About this exercise: Reproduce the data exactly as given, except for any images.

Supplied material:
Content starts

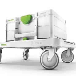 All 4 large wheels can be rotated by 360°, making it agile and ideal for construction sites and workshops. Features coupling allowing Systainer³ and Systainer T-LOC units to be secured in place with the central control element. Other objects and materials can also be easily transported on the flat surface and secured using the strap feedthroughs. 4 robust handles make it easier to manoeuvre and position.
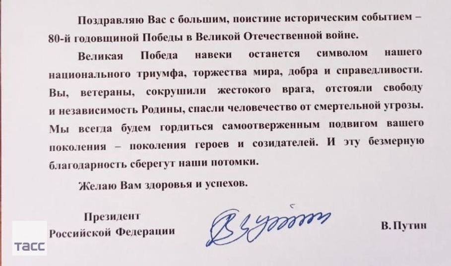 "I congratulate you on a great, truly historic event—the 80th anniversary of Victory in the Great Patriotic War. The Great Victory will forever remain a symbol of our national triumph, the triumph of peace, goodness, and justice. You, veterans, crushed the cruel enemy, defended the freedom and independence of the Motherland, and saved humanity from a mortal threat.
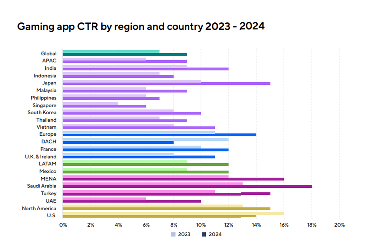 Keterbukaan terhadap pelacakan ini memungkinkan pengembang menampilkan iklan yang lebih relevan dan efektif. Sejalan dengan itu, tingkat Click Through Rate (CTR) iklan di Indonesia meningkat dari 7 persen pada 2023 menjadi 8 persen pada 2024, mendekati rata-rata global yang berada di angka 9 persen. Hal ini menjadi bukti bahwa pengguna di Indonesia tidak hanya aktif bermain, tetapi juga responsif terhadap konten promosi yang sesuai dengan minat mereka.

Content ends

The answer:
 All 4 large wheels can be rotated by 360°, making it agile and ideal for construction sites and workshops. Features coupling allowing Systainer³ and Systainer T-LOC units to be secured in place with the central control element. Other objects and materials can also be easily transported on the flat surface and secured using the strap feedthroughs. 4 robust handles make it easier to manoeuvre and position.
 "I congratulate you on a great, truly historic event—the 80th anniversary of Victory in the Great Patriotic War. The Great Victory will forever remain a symbol of our national triumph, the triumph of peace, goodness, and justice. You, veterans, crushed the cruel enemy, defended the freedom and independence of the Motherland, and saved humanity from a mortal threat.
 Keterbukaan terhadap pelacakan ini memungkinkan pengembang menampilkan iklan yang lebih relevan dan efektif. Sejalan dengan itu, tingkat Click Through Rate (CTR) iklan di Indonesia meningkat dari 7 persen pada 2023 menjadi 8 persen pada 2024, mendekati rata-rata global yang berada di angka 9 persen. Hal ini menjadi bukti bahwa pengguna di Indonesia tidak hanya aktif bermain, tetapi juga responsif terhadap konten promosi yang sesuai dengan minat mereka.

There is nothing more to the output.